First, the evidence pertained to the material point of Miller’s knowledge,
opportunity, and lack of mistake. See e.g., Fed. R. Evid. 404(b)(2); United States
v. Hegwood, 977 F.2d 492, 496–97 (9th Cir. 1992) (explaining that evidence of
prior drug use, possession, and sale of drugs was admissible Rule 404(b) to prove
4 intent, knowledge, and lack of mistake or accident in prosecution for possession
and intent to distribute drugs). Second, the evidence was not too remote in time
because the drug use occurred contemporaneously with the drug sale, and the
possession and subsequent attempt to destroy the baggies occurred within one
week of Miller’s arrest. See, e.g., Beckman, 298 F.3d at 794 (concluding that the
prior act—a drug run—was close in time when it occurred within one month of
Beckman’s arrest). Third, the drug use and possession were corroborated by
testimony and phone logs. See, e.g., United States v. Romero, 282 F.3d 683, 688
(9th Cir. 2002) (concluding that “there was sufficient proof of the prior acts at
issue because they were admitted through the testimony of Rivero, whose
credibility was left to the jury”). Fourth, the acts (methamphetamine use,
possession and destruction) were similar to the charged crimes (methamphetamine
possession with intent to distribute).
3. “If the evidence meets th[e] test under Rule 404(b), the court must
then decide whether the probative value is substantially outweighed by the
prejudicial impact under Rule 403.” Id. (citation omitted). Here, the record
demonstrates that the district court adequately considered the Rule 403 factors.
See United States v. Daly, 974 F.2d 1215, 1217 (9th Cir. 1992) (explaining that the
Rule 403 analysis need not be explicit, and this court must affirm if the record
indicates that the court properly balanced the evidence).
5 Finally, the district court instructed the jury that it could consider the
methamphetamine to determine whether Miller “had the state of mind, intent, or
knowledge necessary to commit the” charged crimes, see, e.g., United States v.

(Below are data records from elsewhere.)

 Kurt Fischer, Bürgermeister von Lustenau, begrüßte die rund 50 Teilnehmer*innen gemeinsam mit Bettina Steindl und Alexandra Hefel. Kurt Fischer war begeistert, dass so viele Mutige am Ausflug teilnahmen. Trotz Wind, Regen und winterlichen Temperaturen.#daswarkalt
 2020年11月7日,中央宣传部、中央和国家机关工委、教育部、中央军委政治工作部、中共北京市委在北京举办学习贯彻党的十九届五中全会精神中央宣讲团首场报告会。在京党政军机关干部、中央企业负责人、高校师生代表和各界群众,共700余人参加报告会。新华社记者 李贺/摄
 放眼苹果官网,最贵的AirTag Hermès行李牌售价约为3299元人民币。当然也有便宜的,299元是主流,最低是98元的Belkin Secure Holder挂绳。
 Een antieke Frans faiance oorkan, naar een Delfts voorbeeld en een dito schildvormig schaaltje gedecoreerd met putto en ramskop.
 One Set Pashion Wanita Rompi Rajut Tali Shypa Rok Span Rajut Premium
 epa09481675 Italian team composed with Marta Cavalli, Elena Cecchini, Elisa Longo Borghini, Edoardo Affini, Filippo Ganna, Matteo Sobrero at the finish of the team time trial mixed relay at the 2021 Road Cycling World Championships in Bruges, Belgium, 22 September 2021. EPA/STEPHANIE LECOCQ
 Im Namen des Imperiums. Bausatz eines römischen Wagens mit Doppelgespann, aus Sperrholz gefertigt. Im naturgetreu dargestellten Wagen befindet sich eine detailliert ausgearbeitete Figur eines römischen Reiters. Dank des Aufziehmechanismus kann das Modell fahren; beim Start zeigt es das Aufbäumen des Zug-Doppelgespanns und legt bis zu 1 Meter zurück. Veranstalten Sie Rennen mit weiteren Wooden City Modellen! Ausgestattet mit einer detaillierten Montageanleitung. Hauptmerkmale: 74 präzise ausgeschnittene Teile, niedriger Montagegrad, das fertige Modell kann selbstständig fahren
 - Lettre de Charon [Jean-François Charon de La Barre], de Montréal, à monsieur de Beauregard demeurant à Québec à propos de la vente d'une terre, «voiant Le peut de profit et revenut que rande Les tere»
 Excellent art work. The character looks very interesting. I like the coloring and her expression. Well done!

Milner, 962 F.2d 908, 912–13 (9th Cir. 1992) (explaining that evidence of drug use
met Rule 403 balancing and was relevant to defendant’s state of mind to prove he
conspired to distribute drugs), and Miller does not challenge that instruction.
AFFIRMED.
6 FILED USA v. Kevin Miller, No. 21-50204 FEB 17 2023 HURWITZ, Circuit Judge, concurring: MOLLY C. DWYER, CLERK U.S. COURT OF APPEALS
I concur in the majority’s conclusion that the district court did not err by
admitting evidence of Miller’s destruction of methamphetamine in his residence.

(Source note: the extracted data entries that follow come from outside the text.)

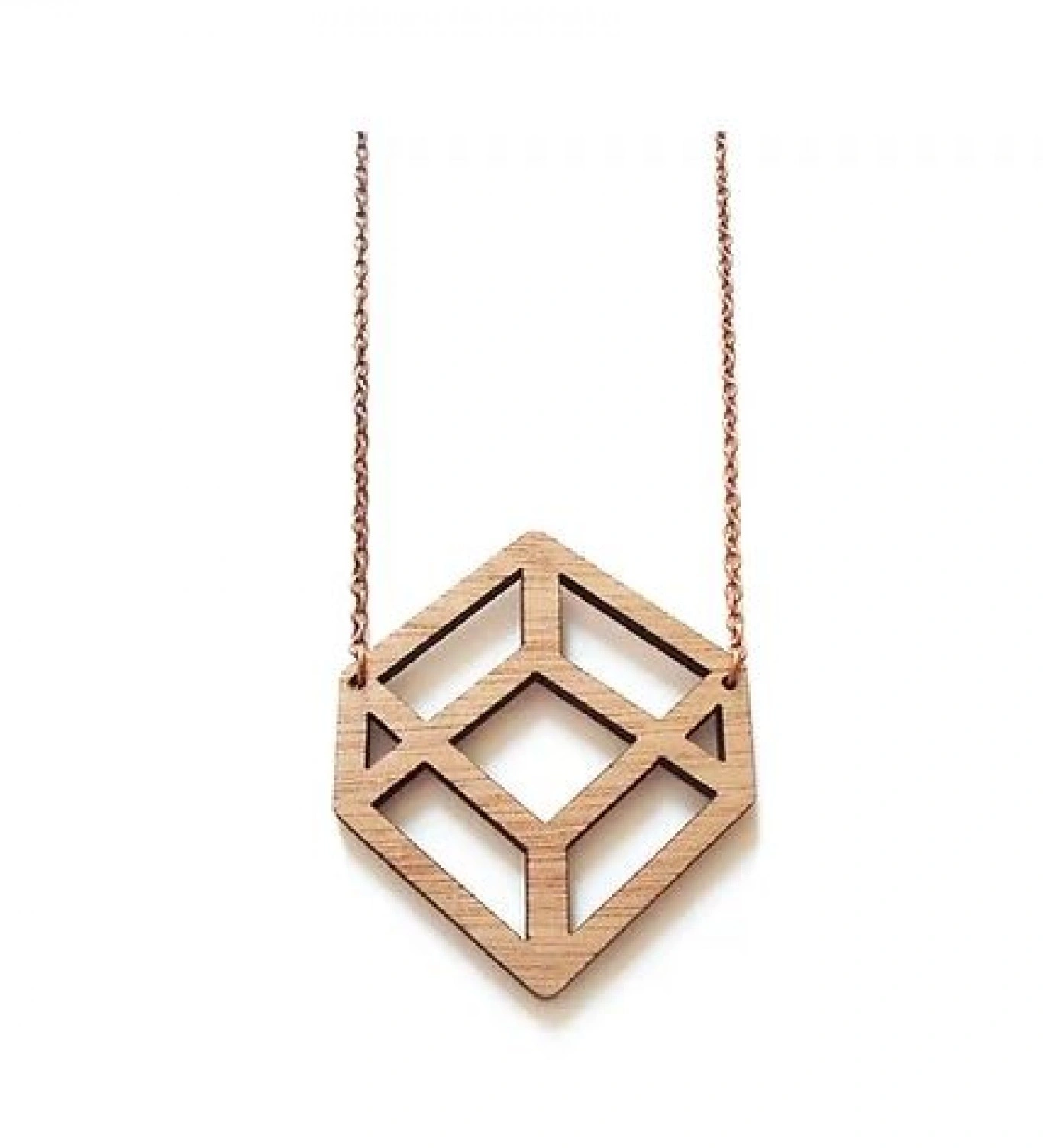 Κολιέ από Ξύλο 3D Cube με Μακριά Αλυσίδα 40cm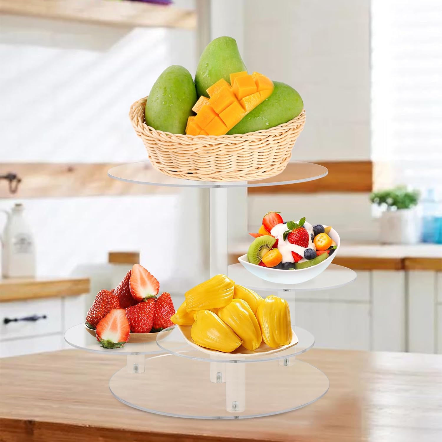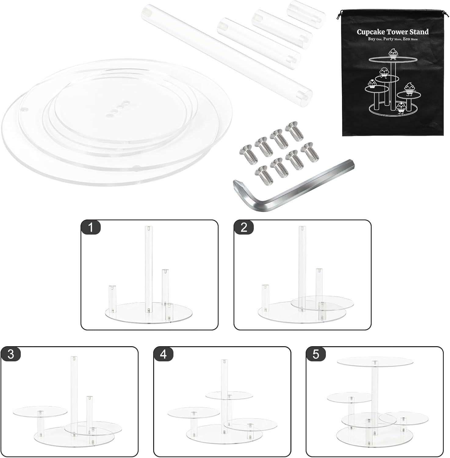 - 🎄[Premium Cupcake Stand] This tiered cake and cupcake combo stand is made of 4mm thick premium acrylic which has a solid construction and unique design. The edges of the acrylic are perfectly clear and well polished, safe to use.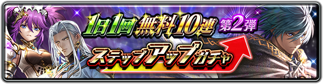 本ガチャは1日1回無料で引けるステップアップ10連ガチャで、STEP5までを2周引くことができます!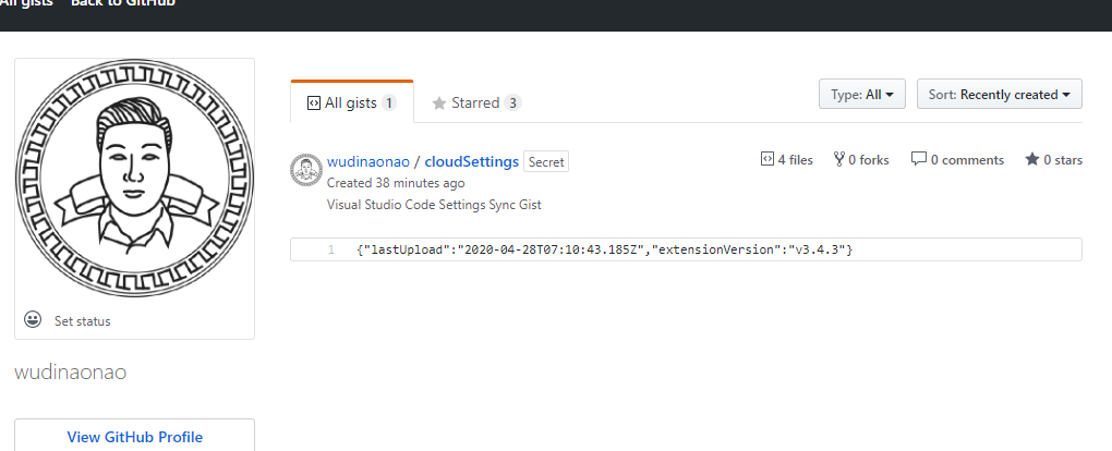 但是我之前根据网上的教程设置的时候后,把刚才我们获取到的Token 设置成了 Gist ID,这样会造成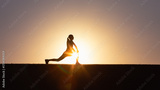 Young woman stretching exercising at sunrise. flexibility, body health fitness, exercises, healthy active lifestyle concept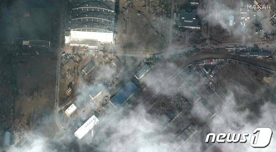 (호스토멜 AFP=뉴스1) 우동명 기자 = 27일 (현지시간) 우크라이나 수도 키예프 외곽 호스토멜에 있는 안토노프 공항이 러시아 군의 공습으로 연기가 솟아오르고 있다.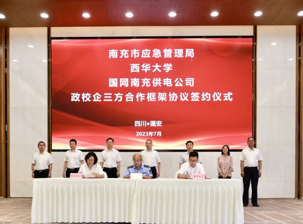 会上,在与会领导的共同见证下,南充市应急管理局、西华大学、国网南充供电公司政校企三方合作框架协议正式签约。国网南充供电公司总经理、党委副书记唐敏,西华大学伟德国际1946源于英国院长舒志乐分别进行了致辞。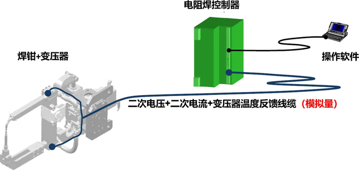想要在传统的电阻焊系统中监控整个焊接过程,制造商需要对焊接过程的电流,电压,压力,温度等主要工艺参数数据进行实时测量,并通过硬接线将这些测量值以模拟量的形式反馈到焊接控制器,以实现测量值与设定值的精确比较和控制。

I have a slightly different view than the majority about the admission of
evidence of Miller’s personal drug use. Even assuming that this evidence should not
have been admitted, see United States v. Vizcarra-Martinez, 66 F.3d 1006, 1013 (9th
Cir. 1995), it is clear to me that any error was harmless. The evidence of Miller’s
involvement in the conspiracy to distribute methamphetamine was overwhelming.
See United States v. Lague, 971 F.3d 1032, 1041 (9th Cir. 2020) (finding that
“overwhelming evidence of guilt” showed harmlessness of purported errors). The
testimony about Miller’s personal drug use was fleeting—it represents half of one
page of the ninety-one-page transcript. And, the jury took only three hours to reach
a verdict. See United States v. Lopez, 500 F.3d 840, 846 (9th Cir. 2007) (noting that
“two and one-half hours” of jury deliberation suggested any error was harmless).